* EXERCISE MATERIALS:
****************

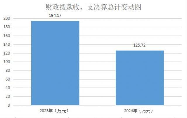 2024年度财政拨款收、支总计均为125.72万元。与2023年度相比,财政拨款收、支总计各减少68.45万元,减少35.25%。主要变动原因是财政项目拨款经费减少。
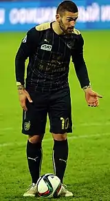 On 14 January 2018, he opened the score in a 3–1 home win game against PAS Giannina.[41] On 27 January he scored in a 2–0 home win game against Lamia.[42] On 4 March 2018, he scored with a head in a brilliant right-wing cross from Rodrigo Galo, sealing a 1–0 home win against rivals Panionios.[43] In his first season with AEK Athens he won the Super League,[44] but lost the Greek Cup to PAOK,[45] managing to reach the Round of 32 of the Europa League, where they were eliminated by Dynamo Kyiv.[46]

****************

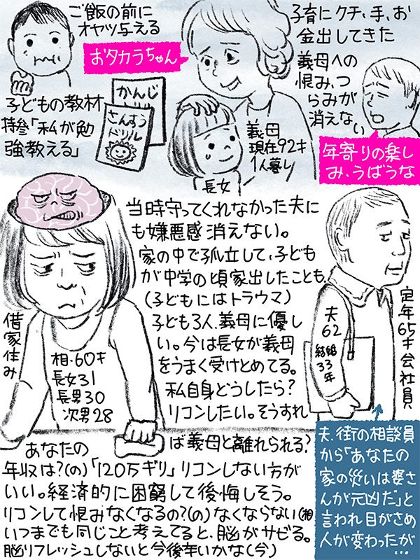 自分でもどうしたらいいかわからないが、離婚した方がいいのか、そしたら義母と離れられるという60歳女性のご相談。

****************

* TASK BRIEF: With the pictures omitted, copy exactly the lines of the listing above starting at the line containing "2024年度财政拨款收、支总" and ending at the line containing "On 14 January", both included.

* RESULT FOR THIS TASK:
 2024年度财政拨款收、支总计均为125.72万元。与2023年度相比,财政拨款收、支总计各减少68.45万元,减少35.25%。主要变动原因是财政项目拨款经费减少。
 On 14 January 2018, he opened the score in a 3–1 home win game against PAS Giannina.[41] On 27 January he scored in a 2–0 home win game against Lamia.[42] On 4 March 2018, he scored with a head in a brilliant right-wing cross from Rodrigo Galo, sealing a 1–0 home win against rivals Panionios.[43] In his first season with AEK Athens he won the Super League,[44] but lost the Greek Cup to PAOK,[45] managing to reach the Round of 32 of the Europa League, where they were eliminated by Dynamo Kyiv.[46]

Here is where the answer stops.